What are the chances of recovery if metastases are present? | Diagnosis breast cancer – How good are my chances of recovery?

What are the chances of recovery if metastases are present?

Probably the most important prognostic factor for a good cure for breast cancer is the lymph node status. This is determined on the basis of metastases in lymph nodes. Depending on its malignancy, breast cancer tends to metastasize rapidly to the lymph nodes of the chest wall and armpits and from there to other lymph nodes in the body.

At a later stage, organ metastases also form, for example in the lungs, liver, skeleton or brain. Breast cancer that has already formed in lymph node metastases at diagnosis tends to have a worse prognosis than non-metastatic cancer. The number of lymph node metastases is also important for the prognosis of recovery.

However, not only lymph node metastases play an important role, but also organ metastases. If the breast cancer is more advanced, metastasis can occur, i.e. degenerated cells can spread to distant tissues and organs, where a malignant ulcer also develops. Metastases are not always easy to treat, especially if they occur in large numbers and in many different places.

Accordingly, the chance of healing in this stage is much lower than in earlier stages. The 5-year survival rate is about 23%. Therefore, therapy in such a stage no longer focuses primarily on healing the patient, but rather aims to slow down the progression of the disease and improve the woman’s quality of life.

Chances of cure for breast cancer in the various stages

One speaks of an early or initial stage if the breast cancer does not already show metastases in organs and lymph nodes. This is a localised tumour in the breast. In this phase, the chances of a cure for breast cancer are particularly high.

However, the decision on therapy is always made individually within the framework of a tumour board, where surgeons, gynaecologists, radiologists and oncologists consult with each other. In some cases, surgical measures with postoperative radiation are sufficient for a cure. Chemotherapy is also used at such an early stage if it is appropriate for the tumour in question.

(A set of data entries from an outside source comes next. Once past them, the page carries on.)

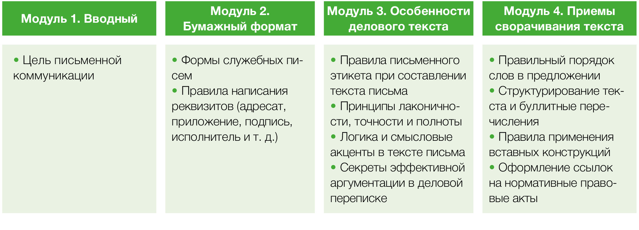 Таким образом, к каждой теме подбирается наиболее действенный с точки зрения усвоения знаний и приобретения навыка набор заданий, упражнений или кейсов. Эффект от практики подкрепляется визуальным опытом – просматриванием многочисленных образцов текстов из реальной переписки государственных органов и организаций.
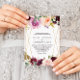 Este convite para o casamento floral com borboleta verde-dourada é perfeito para um casamento rústico. O design apresenta buquês de flores elegantes, verdes, esbranquiçados, roxos, vermelhos e burlões desenhados à mão, adorando quadros geométricos dourados, classe inspiradora e beleza.
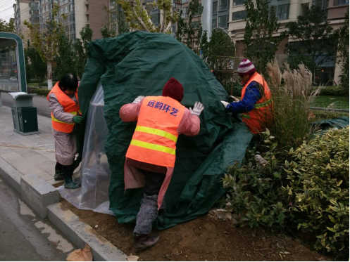此次苗木防寒工作,主要針對耐寒性較差及新栽植苗木,有針對性的采取搭風(fēng)障、纏麻繩、裹塑料薄膜、澆防凍水等措施,確保各類苗木安全過冬。重點(diǎn)對桂花、紅楓、玉蘭、烏桕、各種盆景等一些珍貴苗木進(jìn)行防寒。
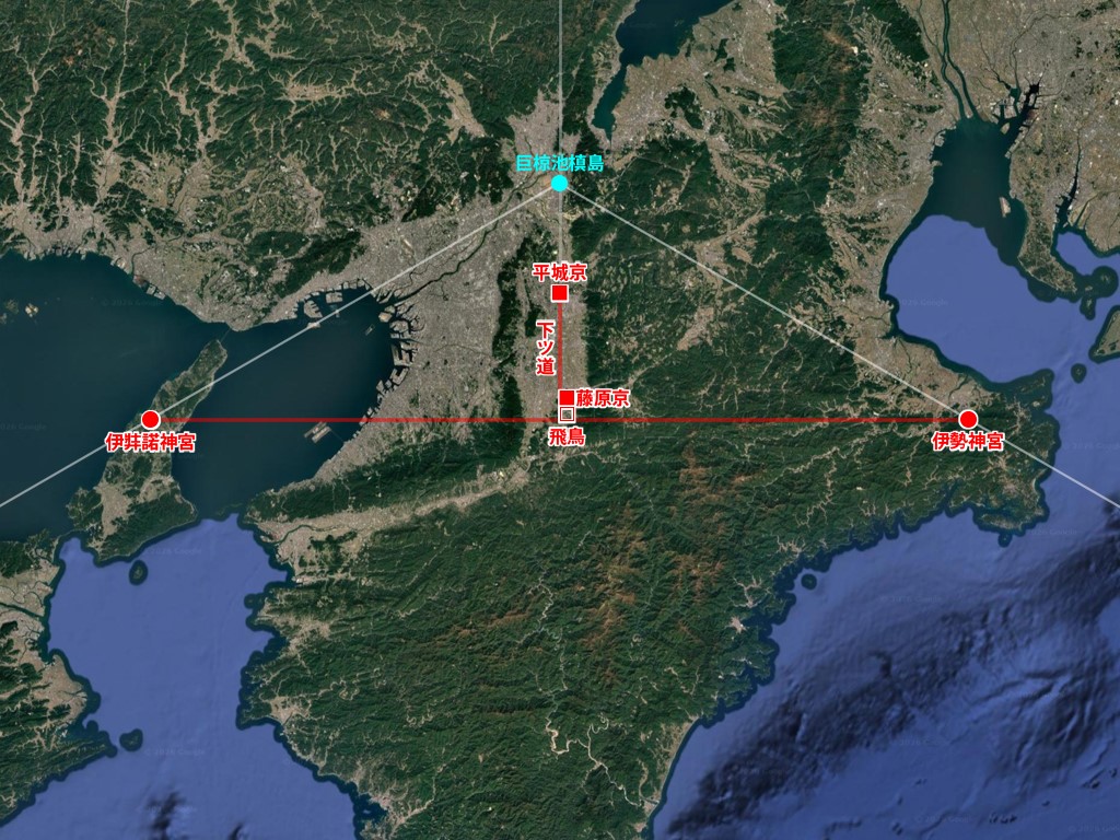 なお、距離を決定するには、三角測量が必要ですが、中国では既に三国時代(3世紀)には三角測量の理論が存在しており、中国と交流があった7世紀の日本でこのレイアウトを実現することは不可能ではありません。聖徳太子が遣隋使を派遣したのは7世紀初頭の600年~618年です。例えば、下ツ道の延長線上にある巨椋池の主要な島である槙島から冬至の日出方位と東西線の交点に伊勢神宮、冬至の日入方位と東西線の交点に伊弉諾神宮を座取りすれば、このレイアウトを構築することができます。

Apart from the stage of the tumour, other factors such as grading and receptor status are also very important for the chances of cure. Some breast cancers are very aggressive and difficult to treat in their early stages, while others respond very well to therapy. In general, however, the chances of recovery are higher if breast cancer is detected and treated early.

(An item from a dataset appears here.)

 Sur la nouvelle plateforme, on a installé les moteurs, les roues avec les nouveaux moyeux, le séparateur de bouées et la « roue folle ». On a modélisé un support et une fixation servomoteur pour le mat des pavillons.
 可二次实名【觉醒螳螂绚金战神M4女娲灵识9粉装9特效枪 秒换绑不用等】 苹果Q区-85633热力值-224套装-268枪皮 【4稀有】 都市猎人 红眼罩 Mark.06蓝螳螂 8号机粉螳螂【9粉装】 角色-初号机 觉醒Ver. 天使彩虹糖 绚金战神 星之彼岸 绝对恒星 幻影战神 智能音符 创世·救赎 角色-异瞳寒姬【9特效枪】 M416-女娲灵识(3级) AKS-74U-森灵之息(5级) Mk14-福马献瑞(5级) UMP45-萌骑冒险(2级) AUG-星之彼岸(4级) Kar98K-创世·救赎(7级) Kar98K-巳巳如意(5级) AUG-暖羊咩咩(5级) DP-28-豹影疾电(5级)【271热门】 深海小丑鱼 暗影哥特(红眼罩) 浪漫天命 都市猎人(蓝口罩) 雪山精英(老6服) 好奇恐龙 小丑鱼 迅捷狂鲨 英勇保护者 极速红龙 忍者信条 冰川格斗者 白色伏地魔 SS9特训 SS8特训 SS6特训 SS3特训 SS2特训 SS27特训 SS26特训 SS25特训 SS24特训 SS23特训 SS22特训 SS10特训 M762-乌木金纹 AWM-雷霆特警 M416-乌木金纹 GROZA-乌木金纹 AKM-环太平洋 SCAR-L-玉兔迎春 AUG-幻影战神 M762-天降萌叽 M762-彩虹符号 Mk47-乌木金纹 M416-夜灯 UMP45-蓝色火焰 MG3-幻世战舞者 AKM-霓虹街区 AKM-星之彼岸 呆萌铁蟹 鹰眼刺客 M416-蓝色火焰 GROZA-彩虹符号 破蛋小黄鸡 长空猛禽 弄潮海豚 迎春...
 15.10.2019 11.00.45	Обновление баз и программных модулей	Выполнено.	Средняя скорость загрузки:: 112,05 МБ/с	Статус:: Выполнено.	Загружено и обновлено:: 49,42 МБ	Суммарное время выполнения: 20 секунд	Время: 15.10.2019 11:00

The stages of breast cancer are classified according to tumour size, lymph node involvement and distant metastasis. In stage I, breast cancer has not formed any distant metastases and at most one lymph node metastasis. Its size must also be less than 2 cm.

This is a very early stage of breast cancer with usually good chances of recovery. In this stage the disease can often be cured by surgical removal of the tumour and subsequent radiation and chemotherapy. Unlike in advanced stages, chemotherapy in this stage is curative – i.e. healing – in nature.

If lymph nodes are affected, additional lymph nodes are removed from the armpit. In stage II, the tumour is up to 5 cm in size, but organ metastases, as in stage I, must not be present. At most one lymph node may be affected.

Although stage II may initially sound more negative than stage I, this need not be the case. The chances of recovery can be basically similar or even the same. The tumour is also localised in this stage and has not metastasised by remote control.

This means that the chances of cure are not necessarily worse than for a stage I tumour. If this is given, the chances of recovery are also very good in stage II. A stage III tumour is characterised by an involvement of several lymph nodes and an advanced tumour size.

Aggressive tumours that attack the chest wall or break through the skin are also assigned to this stage. The particularly aggressive “inflammatory breast carcinoma” is also a stage III tumour. In this stage the cancer is quite advanced.

This does not mean, however, that a curative therapy approach is not possible in principle. However, the chances of a cure are generally considered to be worse than those of less advanced tumour stages. In stage IV of breast cancer, distant metastases are already present in various organs of the body.

According to the current state of knowledge, a long-term cure is unlikely in this advanced tumour stage. In exceptional cases, however, a long-term cure can be achieved. In such an advanced tumor stage, the therapy goals are primarily to eliminate symptoms and to maintain a good quality of life for the affected patients.

Nevertheless, there are also factors that have a positive effect on the long-term survival of the patients. A prognostically favourable prognosis is above all the absence of a recurrence within the first 2 years after therapy. In this case, long-term recovery is more likely than if there are early relapses after therapy.